Re: [PATCH v5 0/3] lib: find_*_bit reimplementation

From: Yury Norov
Date: Sun Mar 08 2015 - 14:17:51 EST


It looks I screwed up with performance measurements.

At first, I measured performance of 'find_next_zero_bit', while wrote about
'find_next_bit'. I was really thinking it's not matter, so I'm sorry.

At second, to run test on userspace I got ffs and ffz from kernel. And it
looks like all performance difference is caused by them. Simple measurement
of performance of current 'find_next_bit' and 'find_next_zero_bit' shows the
same 35% difference, while the code is virtually identical. The trick is that
new implementation doesn't use ffz, that is slow for me (because I got generic
implementation), and so 'find_next_zero_bit' looks faster, while it's not.
In kernel, ffs and ffz are both fast. I'm sorry again.

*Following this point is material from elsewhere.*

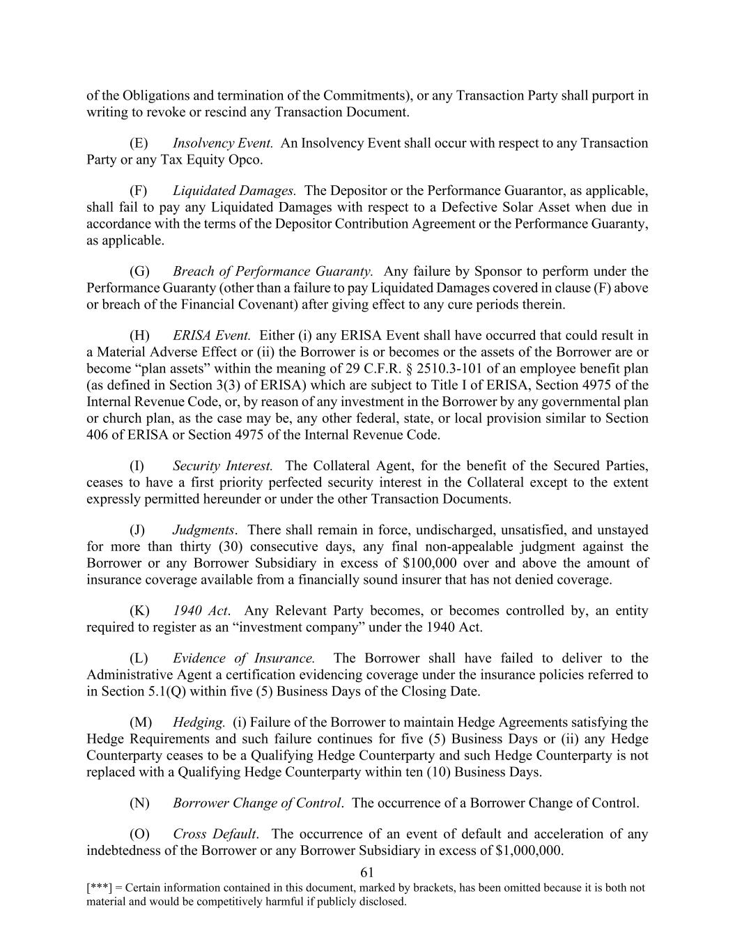 61 [***] = Certain information contained in this document, marked by brackets, has been omitted because it is both not material and would be competitively harmful if publicly disclosed. of the Obligations and termination of the Commitments), or any Transaction Party shall purport in writing to revoke or rescind any Transaction Document. (E) Insolvency Event. An Insolvency Event shall occur with respect to any Transaction Party or any Tax Equity Opco. (F) Liquidated Damages. The Depositor or the Performance Guarantor, as applicable, shall fail to pay any Liquidated Damages with respect to a Defective Solar Asset when due in accordance with the terms of the Depositor Contribution Agreement or the Performance Guaranty, as applicable. (G) Breach of Performance Guaranty. Any failure by Sponsor to perform under the Performance Guaranty (other than a failure to pay Liquidated Damages covered in clause (F) above or breach of the Financial Covenant) after giving effect to any cure periods therein. (H) ERISA Event. Either (i) any ERISA Event shall have occurred that could result in a Material Adverse Effect or (ii) the Borrower is or becomes or the assets of the Borrower are or become “plan assets” within the meaning of 29 C.F.R. § 2510.3-101 of an employee benefit plan (as defined in Section 3(3) of ERISA) which are subject to Title I of ERISA, Section 4975 of the Internal Revenue Code, or, by reason of any investment in the Borrower by any governmental plan or church plan, as the case may be, any other federal, state, or local provision similar to Section 406 of ERISA or Section 4975 of the Internal Revenue Code. (I) Security Interest. The Collateral Agent, for the benefit of the Secured Parties, ceases to have a first priority perfected security interest in the Collateral except to the extent expressly permitted hereunder or under the other Transaction Documents. (J) Judgments. There shall remain in force, undischarged, unsatisfied, and unstayed for more than thirty (30) consecutive days, any final non-appealable judgment against the Borrower or any Borrower Subsidiary in excess of $100,000 over and above the amount of insurance coverage available from a financially sound insurer that has not denied coverage. (K) 1940 Act. Any Relevant Party becomes, or becomes controlled by, an entity required to register as an “investment company” under the 1940 Act. (L) Evidence of Insurance. The Borrower shall have failed to deliver to the Administrative Agent a certification evidencing coverage under the insurance policies referred to in Section 5.1(Q) within five (5) Business Days of the Closing Date. (M) Hedging. (i) Failure of the Borrower to maintain Hedge Agreements satisfying the Hedge Requirements and such failure continues for five (5) Business Days or (ii) any Hedge Counterparty ceases to be a Qualifying Hedge Counterparty and such Hedge Counterparty is not replaced with a Qualifying Hedge Counterparty within ten (10) Business Days. (N) Borrower Change of Control. The occurrence of a Borrower Change of Control. (O) Cross Default. The occurrence of an event of default and acceleration of any indebtedness of the Borrower or any Borrower Subsidiary in excess of $1,000,000.

When I ran this test in kernel mode, I found measurements weird. I tested it on
Core i7-3770@xxxxxxx and Core i7-2630QM@xxxxxxxx First machine did show noizly
but relatively equal results (I cannot attach it now), second one is more stable,
and it looks like performance degrade for about 20%.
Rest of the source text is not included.